Cette amélioration par rapport aux prévisions précédentes résulte de la révision de la prévision de croissance, désormais estimée à 6,25 % en 2021, soit un quart de point supplémentaire. Elle devrait être de 4 % en 2022 et cette amélioration valide la politique que nous menons. Je précise que si la croissance constatée était finalement supérieure à 6,25 %, comme le prévoient un certain nombre d'organismes comme le Fonds monétaire international (FMI), la Commission européenne ou la Banque de France, le surplus de recettes ainsi généré diminuera encore ce déficit.
Cette trajectoire intègre également un relèvement de 1,7 milliard d'euros pour 2021 de l'ONDAM, l'objectif national de dépenses d'assurance maladie, en raison à la fois de dépenses plus dynamiques que prévu, de la nécessité de couvrir les surcoûts des établissements de santé en lien avec le Covid, enfin de l'entrée en vigueur dès novembre 2021 des accords Laforcade pour les personnels des établissements et les services pour personnes handicapées, annoncée par le chef du Gouvernement le 8 novembre dernier.
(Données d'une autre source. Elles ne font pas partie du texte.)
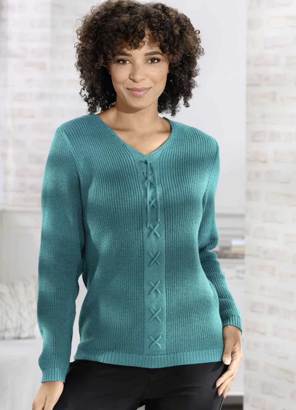 Hochwertiger Pullover in Petrol mit viel Raffinesse, V-Ausschnitt und gerippten Abschlüssen an den langen Ärmeln und am Saum. Der Feinstrickstreifen mit Strickbanddurchzug als Schnürung lässt im Vorderteil einen interessanten Strickmix entstehen.

L'ONDAM pour 2022 a quant à lui été rehaussé de 500 millions d'euros, essentiellement pour prendre en compte les effets des dépenses supplémentaires constatés en 2021.
Des doutes et des inquiétudes quant à la dégradation des comptes sociaux se sont exprimés au cours des débats. Ces doutes sont légitimes : si la sécurité sociale a pu jouer ce rôle si important de protection des Français contre les risques de la vie, c'est bien grâce à l'amélioration des comptes intervenue avant la crise sanitaire et au sérieux dont ce gouvernement a su faire preuve. Sans les ambitions de retour à l'équilibre que nous nourrissions avant la crise sanitaire, la sécurité sociale n'aurait pas pu autant nous protéger à l'occasion de cette crise.
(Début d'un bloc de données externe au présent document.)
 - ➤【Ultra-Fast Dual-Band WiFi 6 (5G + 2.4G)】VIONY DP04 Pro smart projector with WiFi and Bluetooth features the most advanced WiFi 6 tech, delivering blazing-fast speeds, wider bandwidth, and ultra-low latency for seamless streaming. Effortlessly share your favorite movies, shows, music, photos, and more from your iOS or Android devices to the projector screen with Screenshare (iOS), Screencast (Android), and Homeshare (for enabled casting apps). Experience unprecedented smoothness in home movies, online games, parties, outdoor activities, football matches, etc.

Pour sortir de la crise, nous devons éviter de refaire les erreurs du passé. Le Gouvernement assume parfaitement le fait que ce projet de loi ne contienne aucune mesure brutale de rétablissement des comptes : ce n'est pas notre choix. Contrairement à celui qui avait été fait après la crise de 2009-2010, notre engagement et notre priorité sont de favoriser l'emploi et la croissance. Je suis convaincu, vous le savez, que c'est d'abord grâce à celle-ci que nous rétablirons nos finances publiques et donc nos finances sociales.
Cette politique économique porte ses fruits, puisque nous avons pu relever d'un quart de point nos prévisions de croissance. Quant au taux de chômage, il est déjà revenu à son niveau d'avant-crise, et même en deçà : avant la crise, 8,1 % de la population active était au chômage ; ce pourcentage est désormais de 7,6 %. Nous sommes donc à quelques encablures de réussir ce qui semblait impossible : poursuivre la baisse du chômage après la traversée de la crise et viser le plein emploi.
La croissance suffira-t-elle à redresser les comptes sociaux et à garantir totalement le retour à l'équilibre ? La réponse est non, et c'est la raison pour laquelle le travail devra être poursuivi. Il n'est pas envisageable de reporter indéfiniment le retour à l'équilibre puisque, si nous ne remboursons pas nos dettes, ce sont évidemment les générations qui suivent, nos enfants, qui devront assumer le poids de nos déficits actuels, outre que nous obérons nos possibilités de faire face dans l'avenir à des crises d'une ampleur comparable à celle que nous avons vécue. Je souhaite donc insister sur la nécessité des réformes suivantes.
En premier lieu, nous devrons plus que jamais adopter une vision et un pilotage global des finances publiques, ainsi qu'une gouvernance modernisée de nos finances sociales. C'est l'ambition de la proposition de loi organique que vous avez adoptée le 19 juillet dernier à l'initiative de votre rapporteur général et sur laquelle les échanges avec le Sénat sont en cours.